**WORK REQUEST**
Please set down the data again exactly, minus the pictures.

※ ※ ※

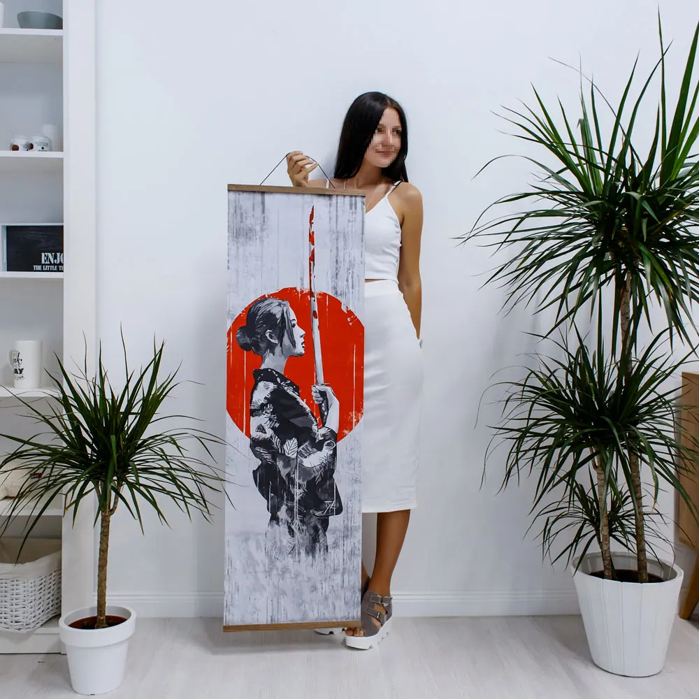 Плакат и принты на холсте самурая Ukiyoe, украшение для стен, домашний декор с подвесным свитчем из массива дерева
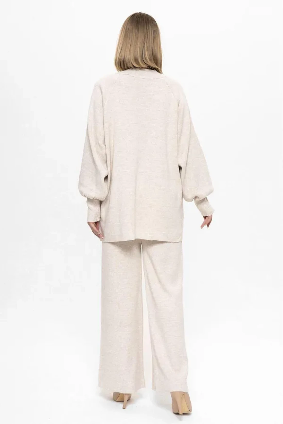 thus, it provides an eco-friendly shopping experience. It guarantees an ideal fit by adapting to different body types with its standard size. Thanks to its knit fabric, it keeps you warm while being breathable, offering comfort all day long. The wide-leg cut reflects modern trends, while the long sleeve length provides ideal protection during seasonal transitions.
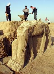 尼姆魯德是亞述王朝歷史名城,曾為政治和文化中心,輝煌一時。圖為2001年7月,考古人員在當地清理一尊出土的殘缺“人面翼牛”雕像。(圖:法新社)
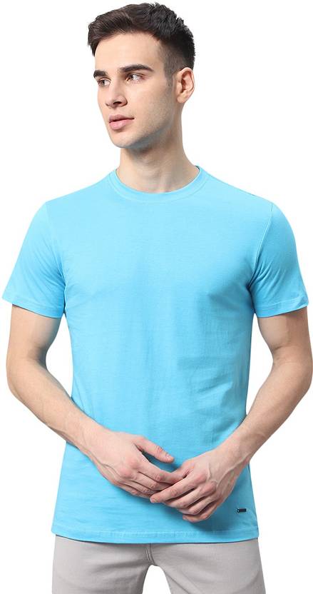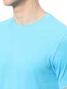 Jade Blue Men Solid Round Neck Pure Cotton Blue T-Shirt
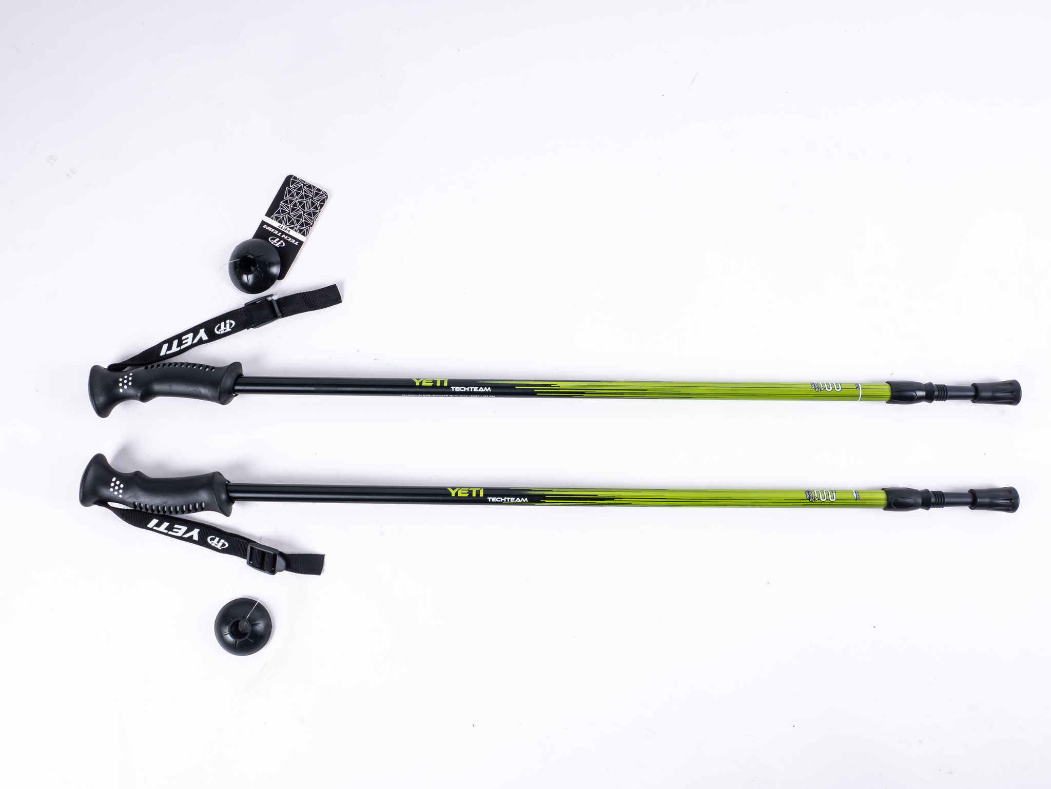 Палки для скандинавской ходьбы треккинговые Tech Team Yeti Green 115-135 см., двухсекционные телескопические алюминиевые, система-антишок

※ ※ ※

**RESPONSE BELOW**
 Плакат и принты на холсте самурая Ukiyoe, украшение для стен, домашний декор с подвесным свитчем из массива дерева
 thus, it provides an eco-friendly shopping experience. It guarantees an ideal fit by adapting to different body types with its standard size. Thanks to its knit fabric, it keeps you warm while being breathable, offering comfort all day long. The wide-leg cut reflects modern trends, while the long sleeve length provides ideal protection during seasonal transitions.
 尼姆魯德是亞述王朝歷史名城,曾為政治和文化中心,輝煌一時。圖為2001年7月,考古人員在當地清理一尊出土的殘缺“人面翼牛”雕像。(圖:法新社)
 Jade Blue Men Solid Round Neck Pure Cotton Blue T-Shirt
 Палки для скандинавской ходьбы треккинговые Tech Team Yeti Green 115-135 см., двухсекционные телескопические алюминиевые, система-антишок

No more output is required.